Data

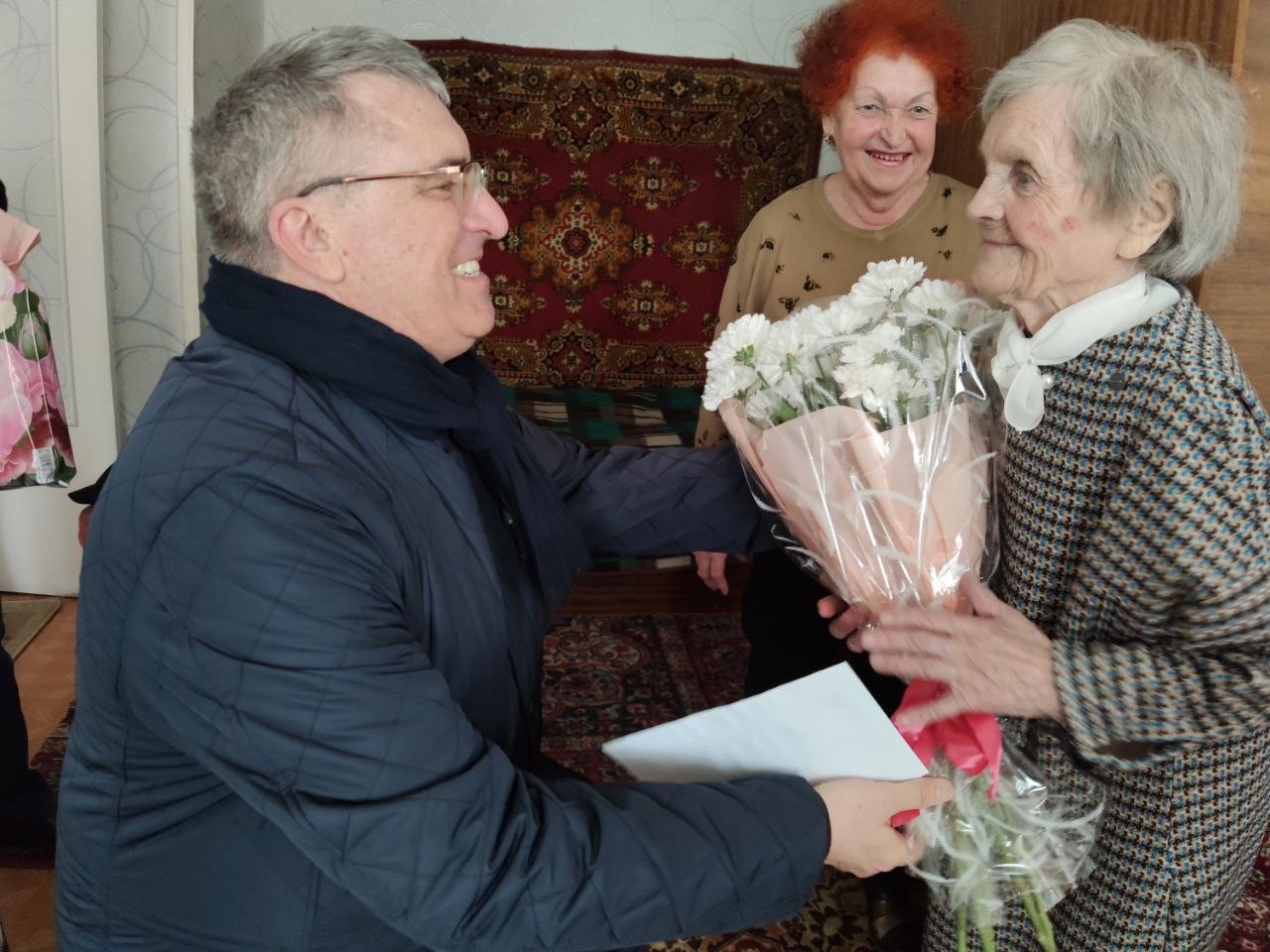 Сегодня и.о. мэра города Саянска Александр Ермаков, руководитель социальной защиты населения по городу Саянску Сергей Кривопалов, председатель советов: женщин и ветеранов Галина Алексеева и сотрудник администрации по социальной сфере Елена Долинина поздравили юбиляршу.
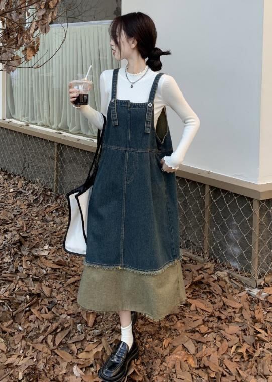 【ロンTセット】秋冬新作 女 レディース 袖なしデニム サロペットスカート ロング ワンピース 台型スカート
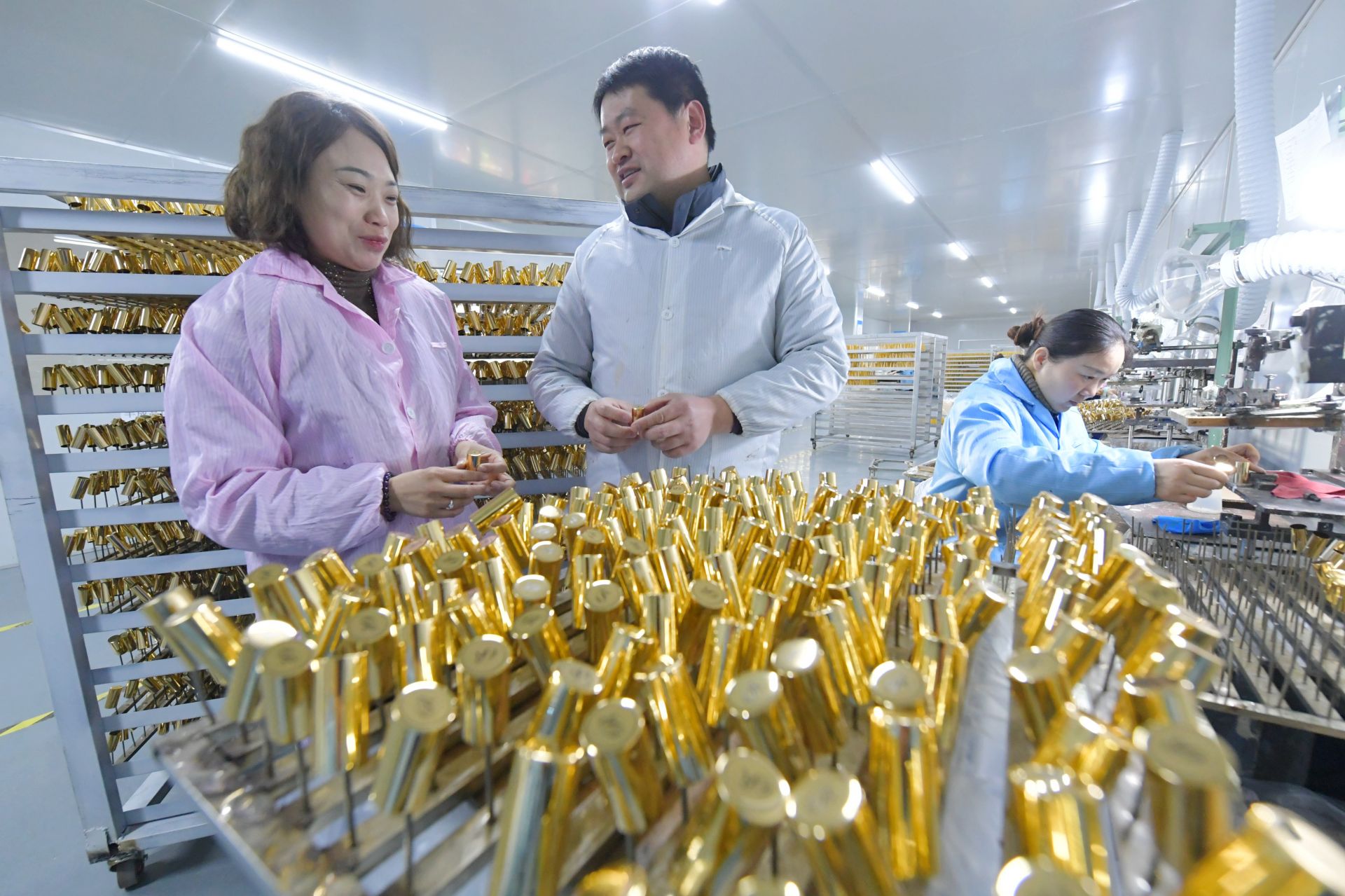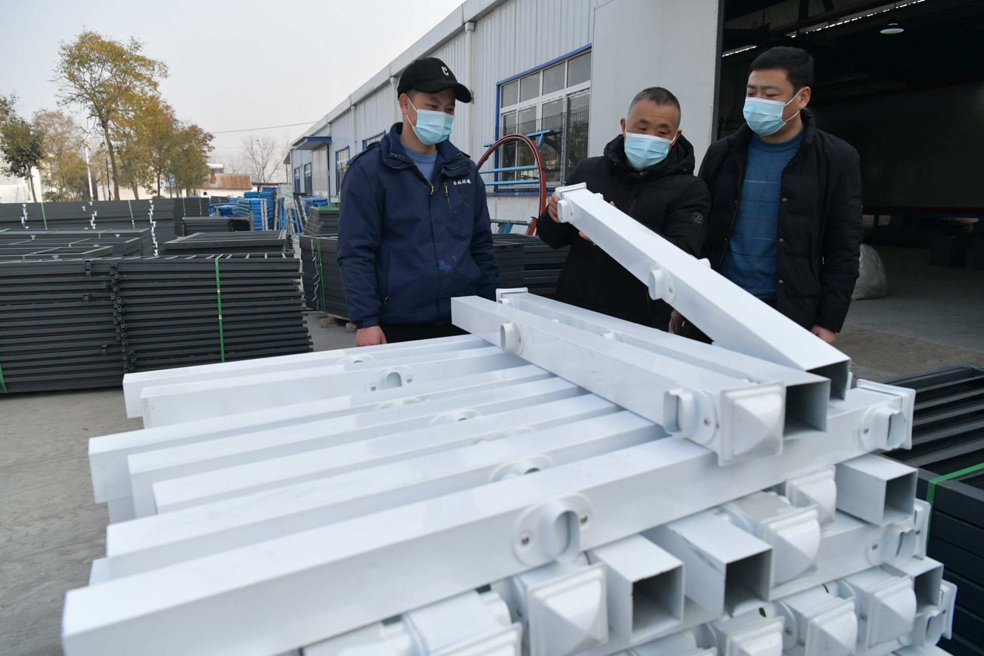 1月18日,固镇县连城镇禹庙村党支部第一书记、乡村振兴工作队长赵海(中),来到位于该村的安徽顾铭护栏有限公司了解销售情况,提醒生产主管注意规避市场风险。
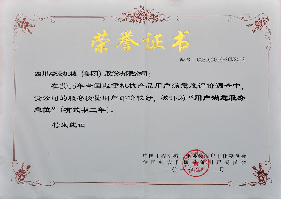 2016年全國用戶滿意產(chǎn)品評價測評結(jié)果公布,四川建設(shè)機械(集團(tuán))股份有限公司憑借良好的產(chǎn)品和服務(wù)質(zhì)量獲得全國用戶的較高評價,榮獲了“全國塔機用戶滿意十強”企業(yè);獲得產(chǎn)品質(zhì)量調(diào)查連續(xù)十一次評價“全國用戶滿意”企業(yè);公司生產(chǎn)的C7022、C7050、C7030、P7527塔式起重機以及SC200/200W施工升降機被評為“全國用戶滿意產(chǎn)品”;同時獲得“用戶滿意服務(wù)”獎;1989年至今川建已連續(xù)十一次獲得全國用戶滿意獎,得到了業(yè)內(nèi)用戶的高度認(rèn)可。
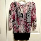 Elevate your wardrobe with this stunning Jennifer Lopez blouse featuring a unique pink and black abstract print. The blouse has a V-neckline and 3/4 dolman sleeves, making it perfect for any occasion, whether it's a casual day out or a fancy party. The lightweight, stretchy material with a shearling fabric type ensures a comfortable fit, while the collarless design and pullover closure add a touch of convenience. This blouse is perfect for the summer, fall, or spring seasons and can be easily paired with any bottom, whether it's jeans, a skirt, or shorts. The blouse is hand wash only and comes in size S. With its hipster, designer, and colorful theme, this blouse is a must-have for any fashion-forward woman. Very good pre owned condition mesh Shell 100% sheer polyester jersey Shell 95% polyester 5% spandex lining 95% polyester 5% spandex 16’ across chest inside top 16.50’ across bottom band side gathers 27’ long from collar seam to bottom front elastic around end of sleeve
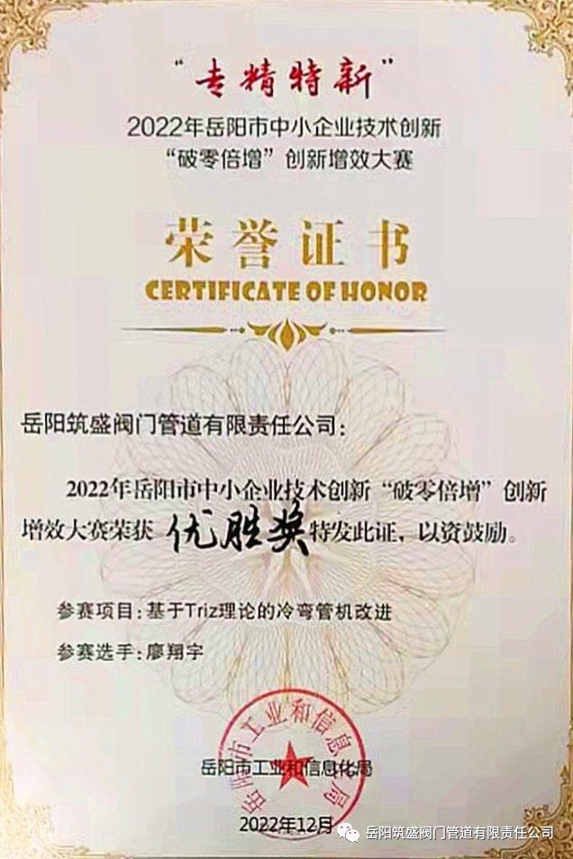 岳筑宣2022年12月6日訊:2022年12月5日我公司委派技術(shù)部廖翔宇工程師參加了2022年岳陽市“專精特新”中小企業(yè)技術(shù)創(chuàng)新“破零倍增”創(chuàng)新增效大賽基于Triz理論的冷彎管機改進(jìn)項目中榮獲優(yōu)勝獎!
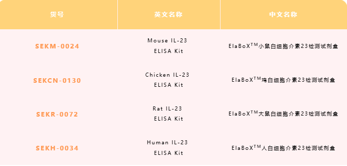 使用产品:SEKH-0034 Human IL-23 ELISA Kit 人白细胞介素23 检测试剂盒
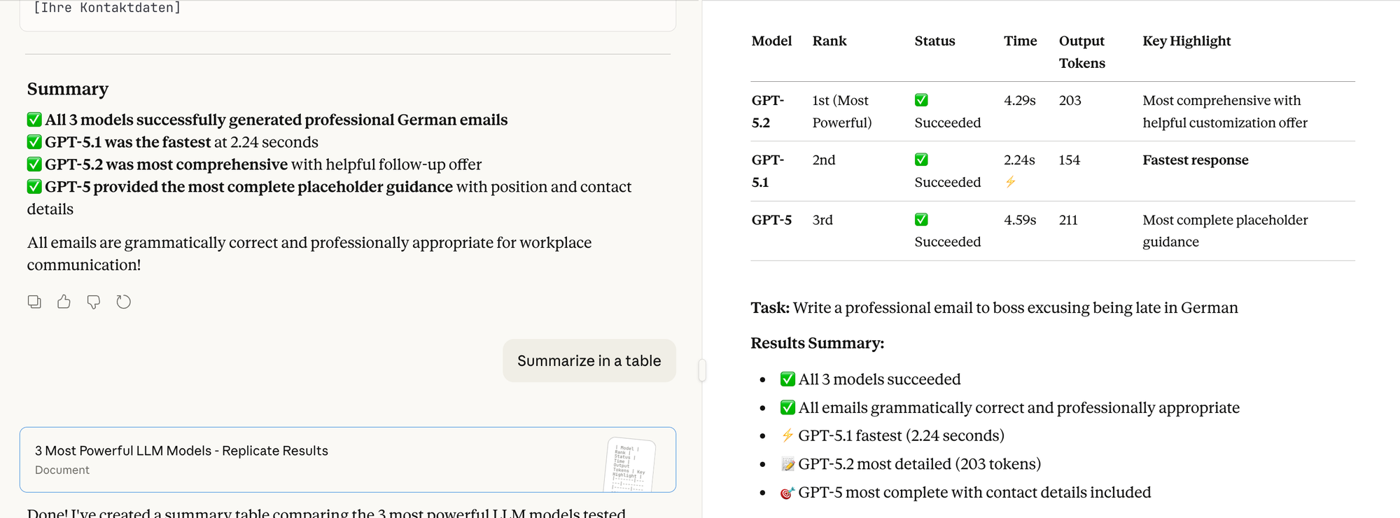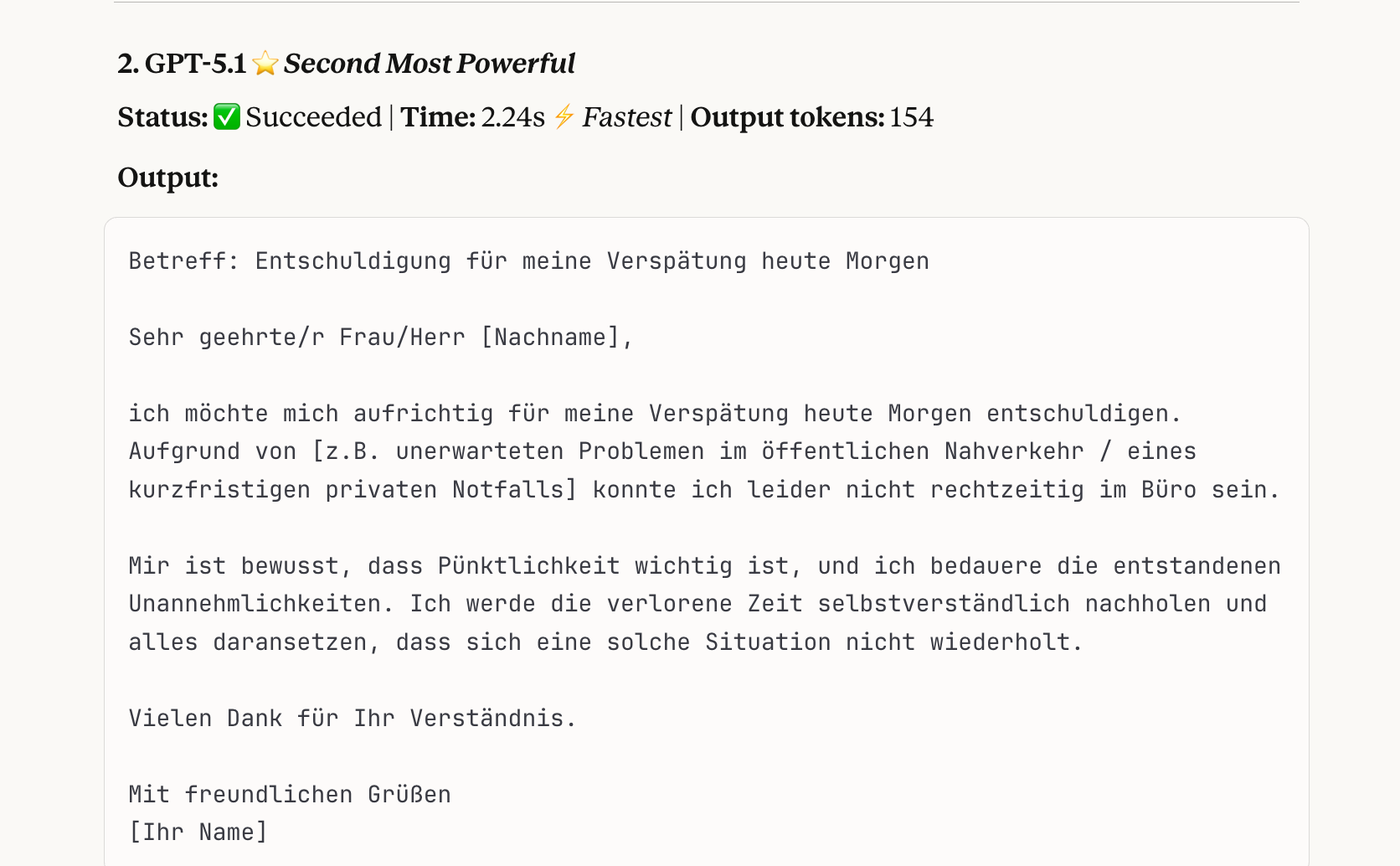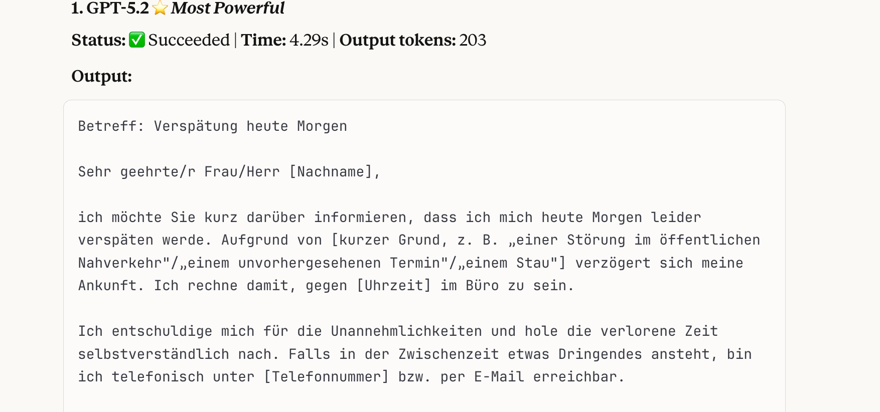 "Find the 3 most powerful LLM models and run on Replicate to do this task: Write an email to my boss excusing being late in German."

Directions
The output must match, line for line, the span from the line containing "岳筑宣2022年12月6日訊" through the end of the data, with the pictures removed.

Exercise output
 岳筑宣2022年12月6日訊:2022年12月5日我公司委派技術(shù)部廖翔宇工程師參加了2022年岳陽市“專精特新”中小企業(yè)技術(shù)創(chuàng)新“破零倍增”創(chuàng)新增效大賽基于Triz理論的冷彎管機改進(jìn)項目中榮獲優(yōu)勝獎!
 使用产品:SEKH-0034 Human IL-23 ELISA Kit 人白细胞介素23 检测试剂盒
 "Find the 3 most powerful LLM models and run on Replicate to do this task: Write an email to my boss excusing being late in German."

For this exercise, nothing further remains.